Muchas veces me planteo dejar el país, no solo por la xenofobia en aumento (el partido de extrema derecha, los Sverigedemokraterna, siguen segundos en intención de voto), sino por algo más complicado de explicar a los que no conocen la cultura sueca. La gente en España me dice que no me vuelva, que aquí tengo mucho más futuro. Pero esto va más allá de una gestión fallida de una pandemia y de la negativa rotunda a rectificar y a aceptar críticas.
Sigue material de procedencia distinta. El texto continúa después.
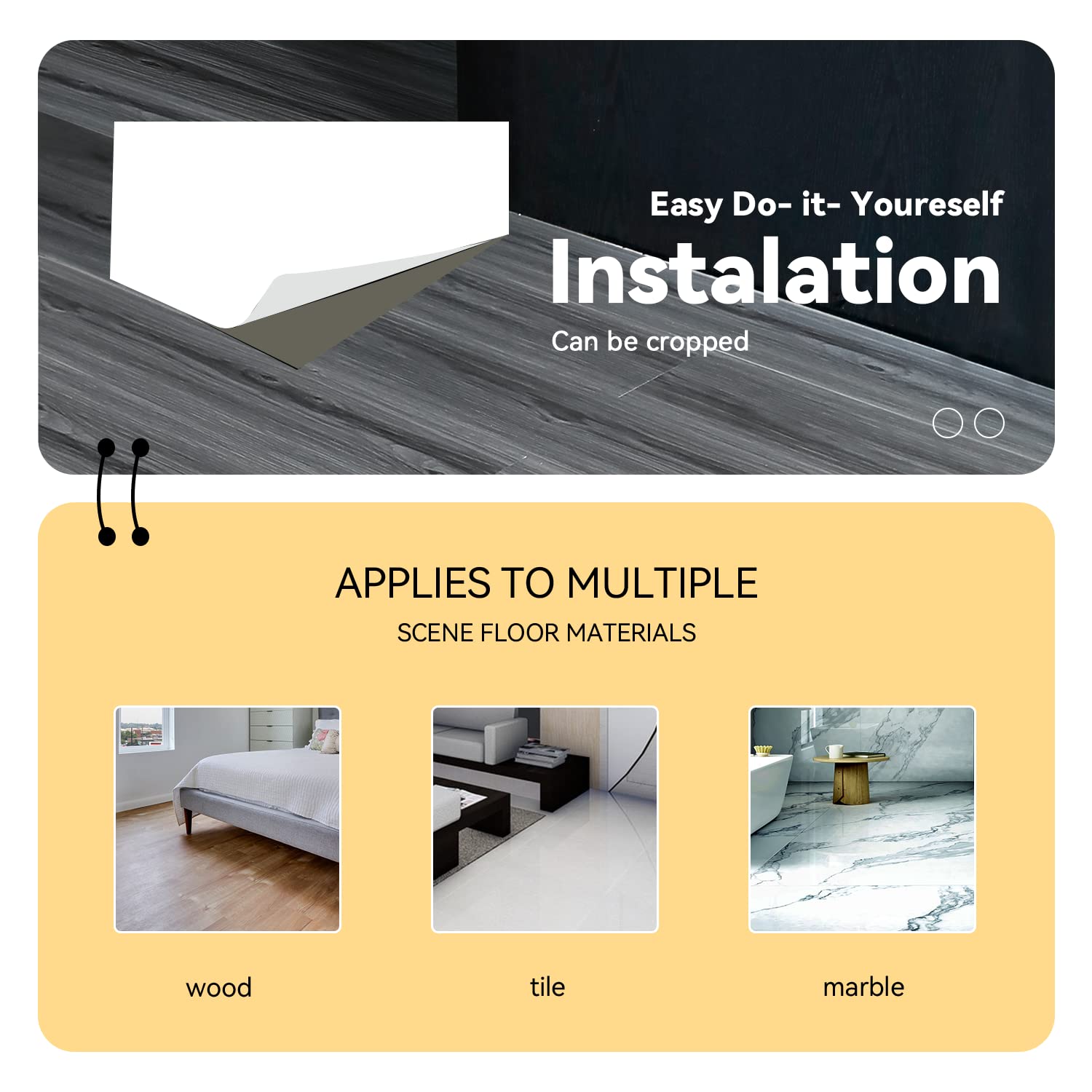 - Effortless Installation: Just peel and stick – no special tools required. Transform your space with ease and no mess. Our peel and stick floor tiles redefine simplicity
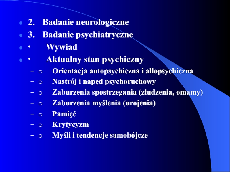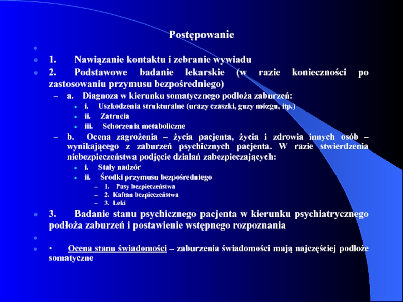 3. Badanie stanu psychicznego pacjenta w kierunku psychiatrycznego podłoża zaburzeń i postawienie wstępnego rozpoznania
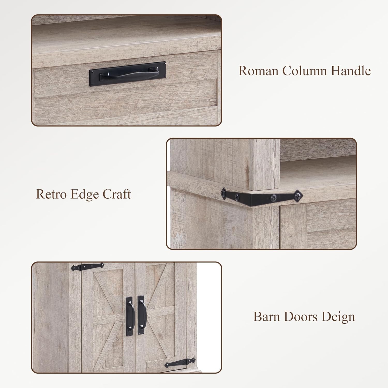 - 4-Tier Open Shelf Design : Each of the 3 shelves is free to move, allowing you to adjust the height to suit different item. adjustable shelf inside the hutch as well which can offer customized storage space.

Mientras que en los países del sur de Europa todavía pensamos que la vida es sagrada y que hay que luchar por ella, he comprendido que aquí se cree que una vida no productiva es menos valiosa que una vida productiva. Descubrir esto después de 13 años viviendo aquí ha sido un shock cultural brutal. Ver a la gente y a la prensa alinearse ciegamente con la opinión del Gobierno y de la agencia de salud sin admitir críticas ha sido otro shock. Las pocas voces contrarias a la gestión de la pandemia (como por ejemplo las del grupo de los 22 con la doctora en virología Lena Einhorn o el médico almeriense Manuel Felices) se han enfrentado a críticas muy duras y descalificaciones personales de la prensa sueca.
Suecia no es país para viejos, me digo. No es país tampoco para débiles ni divergentes, concluyo. Quizás sea hora de hacer las maletas.